Nun geht es darum, die richtigen Rohideen weiter auszuarbeiten und zu konkretisieren.

Man kann die Grundregeln in zwei Gruppen aufteilen: In Regeln für die Phase des divergenten Denkens und in Regeln für die Phase des konvergenten Denkens:

Abb. 1: Aufteilen der Grundregeln

1.2.2 Heuristische Denktechniken

Heuristik bezeichnet die Kunst, mit begrenztem Wissen und wenig Zeit zu guten Lösungen zu kommen! Heuristiken sind leistungsfähige Such-techniken, die das divergente Denken fördern! Zu den bewährtesten heuristischen Denktechniken zählen:

• die Bildung von Assoziationen und Analogien. Wo gibt es ähnliche Prozesse, Objekte, Systeme, und was können wir von den dort gewonnenen Problemlösungen übernehmen? Welche Problem-lösungen aus der Natur kann man in technische Bereiche übertragen?

• die Umstrukturierung (ersetzen durch…)

• die Variation (verkleinern, vergrößern)

• die Modifikation (ins Gegenteil verkehren, reduzieren, verstärken)

• die Kombination verschiedener Lösungselemente

Heuristische Denktechniken fördern das divergente Denken und dienen der Verfremdung und dem Perspektivenwechsel. Sie erleichtern die Steuerung des Ideenprozesses und spornen zu neuen Ideen an.
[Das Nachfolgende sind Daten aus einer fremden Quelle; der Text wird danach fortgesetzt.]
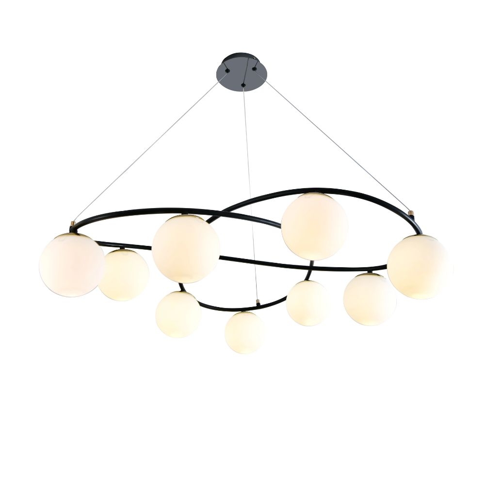 Lustra suspendata RF-N6806-9 imbina designul modern cu functionalitatea, oferind o solutie eleganta de iluminat pentru interioare contemporane. Cu 9 abajururi din sticla alba si o structura metalica finisata in negru mat, aceasta lustra adauga un contrast rafinat si o nota de stil in orice incapere.

In Reizfragen werden diese Denktechniken oft transformiert und sind die Grundlage für viele Kreativitätstechniken.

Der altgriechische Begriff „Heureka“ bedeutet übrigens „Ich habe es gefunden“. „Heureka“ soll Archimedes gerufen haben, als er in der Bade-wanne lag und sah, wie sein Körper das Wasser verdrängte. Unvermittelt war ihm der Zusammenhang klar, er hatte das Auftriebsgesetz ver-standen, was ihm dazu verhalf, den Goldgehalt der Krone des Tyrannen zu bestimmen. Er entstieg der Wanne, rannte nackt durch die Straßen von Syrakus und rief weiterhin „Heureka!" ☺

1.2.3 Vorteile von Kreativitätstechniken

Die Kreativitätstechniken erfolgen in Teamarbeit, was sehr dazu beiträgt, Kreativität freizusetzen. Meist sind die Techniken handlungsorientiert, sodass die Aktivität gefördert wird. Die visualisierten Ergebnisse verschaffen einen sehr guten Überblick und prägen sich besser ein. Trotz aller Kreativität geht man strukturiert vor. Für die Gruppe wirken die Kreativitätstechniken sehr motivierend, die Gruppe identifiziert sich stark mit dem Ergebnis und last but not least wird das soziale Netzwerk gestärkt.

1.2.4 Nachteile von Kreativitätstechniken

Zu den Nachteilen zählt zunächst, dass durchaus etwas Vorbereitung notwendig ist, bevor die kreative Arbeit beginnen kann. Wenn die Arbeit dann gestartet ist, können verbal starke Persönlichkeiten dominieren und Stimmungsmacher, die in die falsche Richtung ziehen, müssen gebremst werden. Dies gilt aber wohl für jede Art von Teamarbeit. Der Erfolg der Kreativitätstechnik hängt damit auch vom Geschick des Moderators ab.

Nachdem alles erlaubt ist, können gelegentlich auch Redundanzen auftreten. Auf Kreativitätsstörer muss unbedingt geachtet und reagiert werden.